L Yang et al. J Biol Chem. .
Free article

Abstract

Ewing's sarcoma displays a characteristic chromosomal translocation that results in fusion of the N-terminal domain of the Ewing's sarcoma protein (EWS) to the C-terminal DNA-binding domain of the ETS family transcription factor Fli-1 (Friend leukemia integration-1). EWS possesses structural motifs suggesting a role in transactivation as well as RNA binding.

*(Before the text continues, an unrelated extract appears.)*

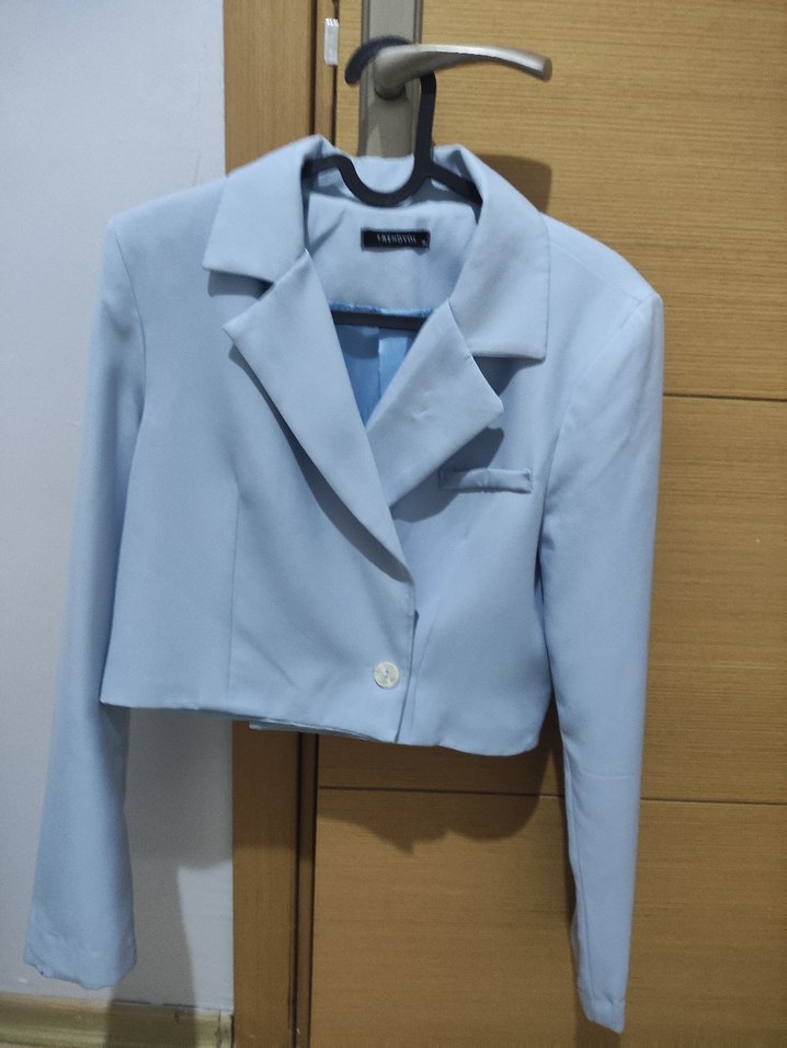 Pastel mavi renkte, yakalı ve düğmeli kısa mini kadın blazer ceket. Uzun kollu ve sentetik kumaştan üretilmiştir, ofis ve günlük kullanıma uygundur.

We demonstrate that wild-type EWS protein functions as an adapter molecule coupling transcription to RNA splicing by binding to hyperphosphorylated RNA polymerase II through the N-terminal domain of EWS and recruiting serine-arginine (SR) splicing factors through the C-terminal domain of EWS. The oncogenic EWS.Fli-1 fusion protein retains the ability to bind to hyperphosphorylated RNA polymerase II but lacks the ability to recruit SR proteins because of replacement of the C-terminal domain of EWS by Fli-1. In an in vivo splicing assay, the EWS.Fli-1 fusion protein inhibits SR protein-mediated E1A pre-mRNA splicing in a dominant-negative manner. These results indicate that EWS.Fli-1 interferes with the normal function of EWS and implicate uncoupling of gene transcription from RNA splicing in the pathogenesis of Ewing's sarcoma.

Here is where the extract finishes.